Hal ini merupakan salah satu konsekuensi akuntabilitas. Ketika
karyawan mengetahui penghargaan erat kaitannya dengan kinerja
mereka, maka mereka akan komit terhadap pelaksanaan kinerja dan
memiliki rasa pemilikan terhadap setiap tindakannya. Biasanya jika
karyawan dihargai secara baik atas kinerja, maka mereka akan
mengembangkan sense pencapaian/pemenuhan yang akan membuat
mereka bangga dalam pekerjaan mereka serta akan meningkatkan
rasa pemilikan.
9. Consequence
Akuntabilitas akan kurang bermakna tanpa
adanya consequence (konsekuensi). Akuntabilitas lahir bersama dengan
kewajiban, dan kewajiban lahir bersama dengan konsekuensi.
Konsekuensi dapat berupa penghargaan (baik) atau sanksi (buruk).
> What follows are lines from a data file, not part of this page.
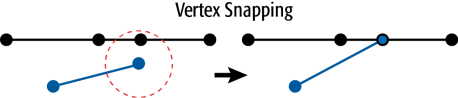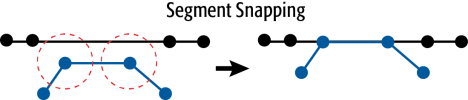 The example below illustrates vertices of a segment snapping to another segment.
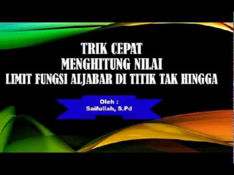 Limit tak hingga dengan mengalikan dengan bentuk sekawan limittakhinga carapraktis. Nilai pangkat tertinggi dari pembilang adalah 3, sedangkan nilai pangkat tertinggi dari penyebut adalah 2 (m > n). Keempat mengenai nilai limit tak hingga yang berbentuk polinomial dan yang akan di bahas ialah bentuk polinomial dengan variabel x dengan pangkat yang tertinggi. Limit tak hingga trigonometri polinomial pecahan eksonensial. Selanjutnya, pada kesempatan kali ini akan dipelajari mengenai limit tak hingga fungsi satu peubah.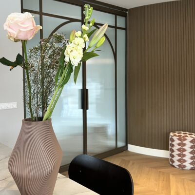 Zoals bij elk Skygate-project is ook deze deur volledig op maat ontworpen. Voor interieurontwerper Laura EngelsĀ was het ontwerp van de stalen deur een essentieel onderdeel van het interieurconcept. Zij heeft bewust gekozen voor Skygate model No 5Ā (flow collectie) uitgevoerd als dubbele taatsdeuren met aan de bovenzijde een rechte belijning gecombineerd met zachte ronde vormen. Elk detail van profielverdeling tot kleurafwerking en glassoort is zorgvuldig afgestemd op haar visie.

Konsekuensi membantu mendorong pelaksanaan wewenang, pemenuhan
tanggung jawab, dan peningkatan kinerja. Dalam membangun kerangka
konsekuensi jika tidak berjalan sesuai dengan arah kerangka tersebut
maka akan memiliki dampak yang dapat menurunkan makna dan tingkat
pentingnya akuntabilitas.
10. Consistency
Consistency (konsistensi) akan menjamin stabilitas. Penerapan yang
inkonsisten terhadap kebijakan, prosedur, sumber daya, dan/atau
konsekuensi dalam suatu organisasi akan menurunkan atau melemahkan
lingkungan akuntabilitas dan kredibilitasnya. Hal itu cenderung
menurunkan moral karyawan dan mendorong sinisme. Rasa memiliki
akan hilang dan kinerja akan melemah.
11. Follow-up
Dalam dokumen Modernizing Accoutability Practices in the Public
Sector (1998), The Auditor General of Canada and the Treasury Board
Secretariat menyatakan “reasonable review and adjusmen, nothing that,
something has to happen as a result of reporting accountability
information in order to close the loop”. Jadi, bagian-bagian yang
melakukan review atas hasil memerlukan pertimbangan apakah
pencapaian hasil tersebut sesuai dengan ekspektasinya dan lingkungan
yang ada, dan kemudian mengakuinya sebagai usaha yang tercapai
sepenuhnya. Jika ekspektasi tidak sesuai maka perlu tindakan koreksi dan
kemungkinan penyesuaian untuk penyusunan akuntabilitas yang dibuat
dan memberikan catatan atas usaha pembelajaran. Hubungan
akuntabilitas tanpa follow-up merupakan hasil yang jelas tidak lengkap
dan tidak efektif.

III. KESIMPULAN
Indikator kinerja merupakan kriteria yang digunakan untuk menilai
keberhasilan pencapaian tujuan organisasi yang diwujudkan dalam ukuran-
ukuran tertentu. Indicator kinerja mengacu pada penilaian kinerja secara tidak
langsung yaitu hal-hal yang sifatnya hanya merupakan indikasi-indikasi kinerja,
sehingga bentuknya cenderung kualitatif. Sedangkan ukuran kinerja adalah
kriteria yang mengacu pada penilaian kinerja secara langsung, sehingga
bentuknya lebih bersifat kuantitatif.
Akuntabilitas berhubungan terutama dengan mekanisme supervise,
pelaporan dan pertanggungjawaban kepada otoritas yang lebih tinggi dalam
sebuah rantai komando formal. Akuntabilitas public terdiri atas dia macam, yaitu
(1) akuntabilitas vertical dan (2) akuntabilitas horizontal. Istilah akuntabilitas
berbeda dengan responsibilitas walaupun sering didefinisikan sama yaitu
pertanggungjawaban. Akuntabilitas didasarkan pada catatan/laporan tertulis
sedangkan responsibilitas didasarkan atas kebijaksanaan.